Good Morning Pastor!
As you have been able to tell, I have been absent in writing to you the past couple of weeks. My attention has been focused on some basic elements of starting the new church including many decisions and moving into the new office. Although I am without excuse, those are my excuses.
Starting a church has many dimensions that require sincere prayer and careful, thoughtful considerations. Many churches are started with a core group of experienced Christian leadership. Our new church does not have that to date. Because I am very careful not to be “recruiting” leadership from the other churches in the area it will be necessary to function with a interim board that may serve for an extended period of time as the church develops it’s leadership.
From a pastor’s perspective there are also many questions of what role and how much authority is put into place. There are the questions of whether the church should be congregational run, Elder run or a Board with Pastoral chairman with right to final approval or veto. I have always pastored congregational run churches but I also recognize that many of the fastest growing churches in the country are not congregational run and have some other form of operation with strong pastoral authority.

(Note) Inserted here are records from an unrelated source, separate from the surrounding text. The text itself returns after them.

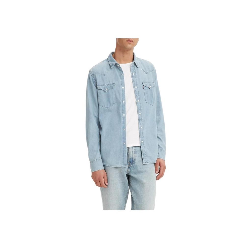 Levis SS22 Рубашка мужская с длинным рукавом, однотонная, с логотипом в стиле пэчворк, с эффектом стирки водой, синяя 85745-0003
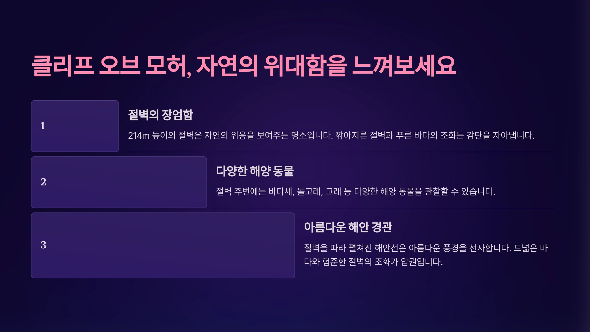 특히 해질녘에 방문하면 절벽 위로 붉은 노을이 드리워져 정말 환상적인 장면을 감상할 수 있어요. 해안선을 따라 걷다 보면 바람소리와 파도 소리가 어우러져, 이곳의 자연이 얼마나 거대하고 아름다운지 직접 느낄 수 있답니다.
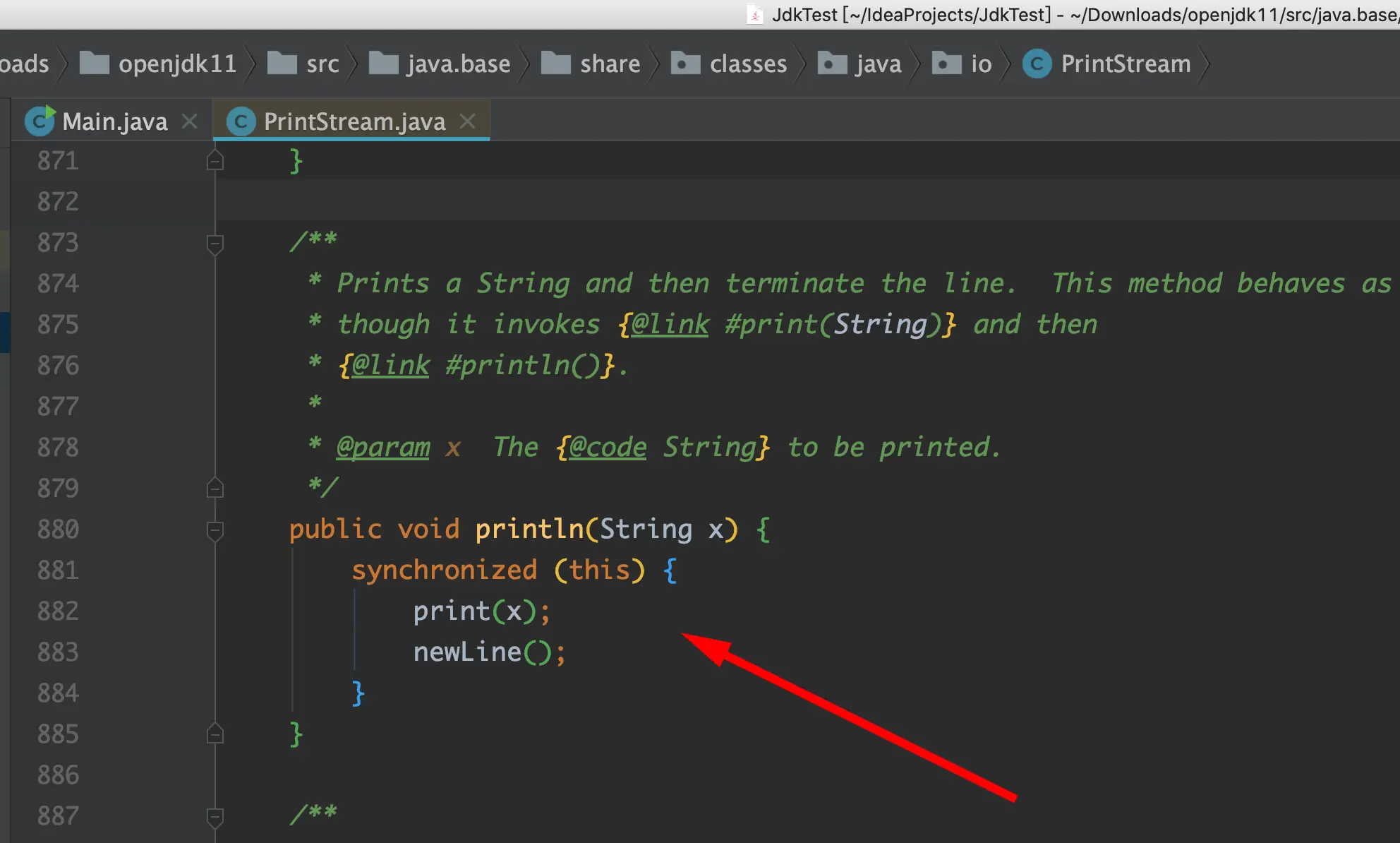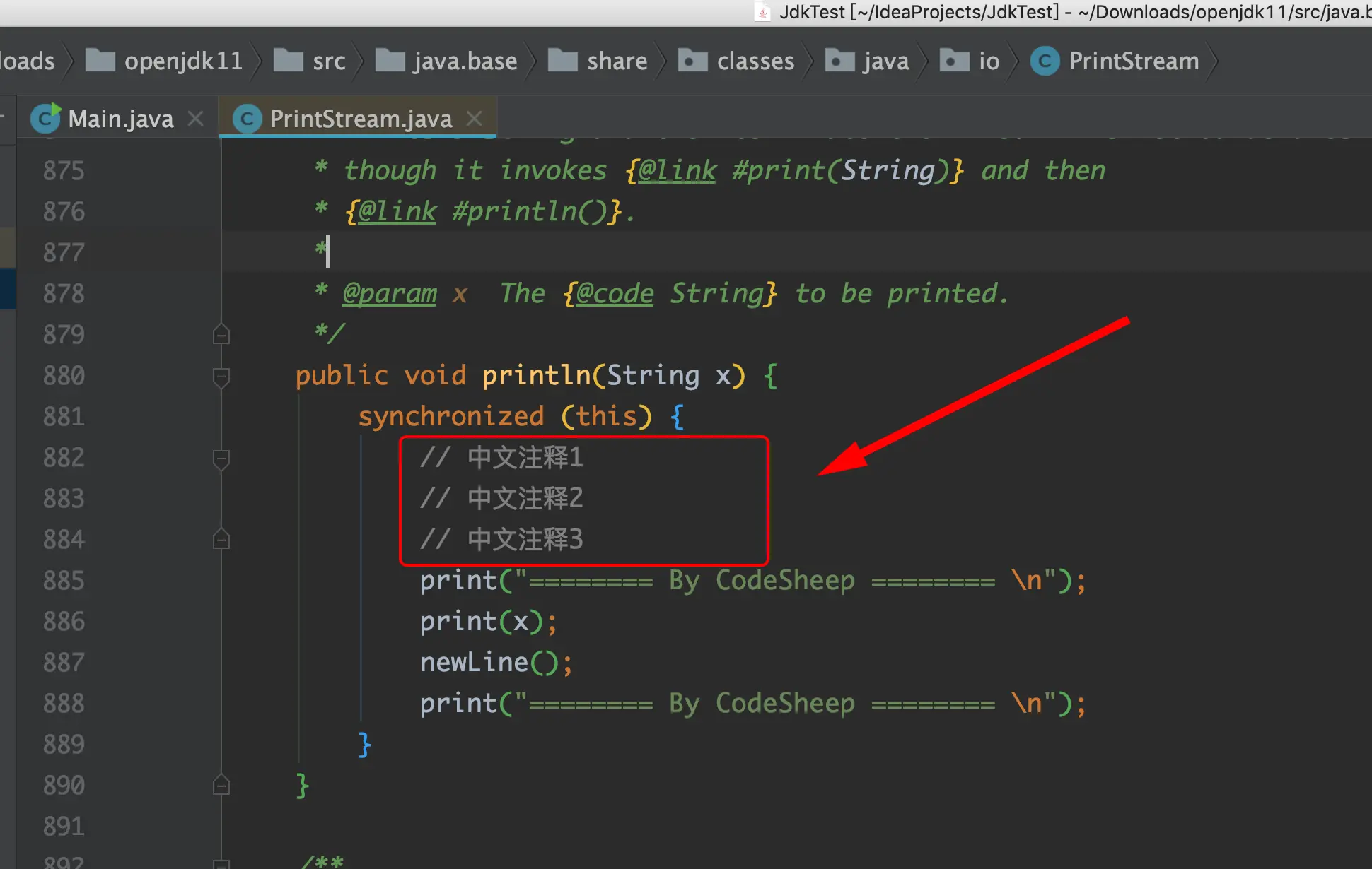 比如,还是以上面例子中最简单的System.out.println()源码为例,我们添加几行中文注释:

The positive part of taking a stronger pastoral role is that you can make some basic purchases as needed. So, if the computer blows up you just go out and purchase another that day instead of waiting perhaps weeks for a board, committee or congregational meeting. One time in a congregational run church I was consulting with, their computer went out and it took them about six weeks to go through the procedure of purchasing another. This is not acceptable.

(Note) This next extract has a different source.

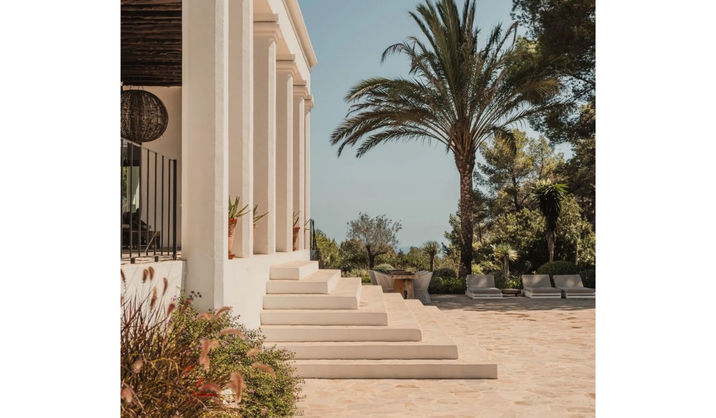 The Mediterranean gardens wrap the property in palms, pines and mimosa trees, with lemon trees dotting the patio spaces. Two colonnaded terraces provide shaded spots throughout the day, while the pool terraces catch sun from morning to evening. The location puts you minutes from the renowned restaurants along the Sant Joan road, including Bambuddha Grove and La Paloma, with Ibiza Town easily accessible for day trips or evening adventures.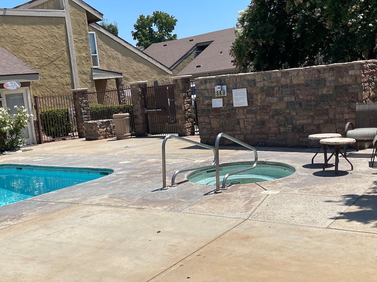 Welcome to our cozy 2 bedroom, 1 ca. king bed and queen, one twin folding bed plus sofa. 1 bath fully remodeled apartment! Enjoy a stocked bathroom and kitchen during your stay. This is a centrally-located place with easy access to highways. Perfect for a family get away and convenient for all business travelers! 15 minutes away from all major hospitals in the Fresno area specifically for health care workers such as Kaiser, Saint Agnes, Valley Children's and Fresno Community.

The negative side of a stronger pastoral role is that many pastors accept no direction from the leadership in their churches, often causing abuse to the church and setting themselves up for moral or ethical failure. Someplace in the middle of this there has to be a place of acceptable operation.
I also recognize that I will retire or die some day and the church will have to go on without me as the pastor. Therefore, I must design the churches mode of operation to be long term viable carrying on for generations with great leadership from within the congregation. And if we set it up with too much pastoral authority we may set up the pastor who follows me for failure.
This week I am asking a number of pastors that I know how they see the best mode of church government and operation, how they would set it up if they were starting a new church from scratch. If you have any thoughts I would be interested in hearing from you.
Have a great week serving the King of kings and the Lord or lords!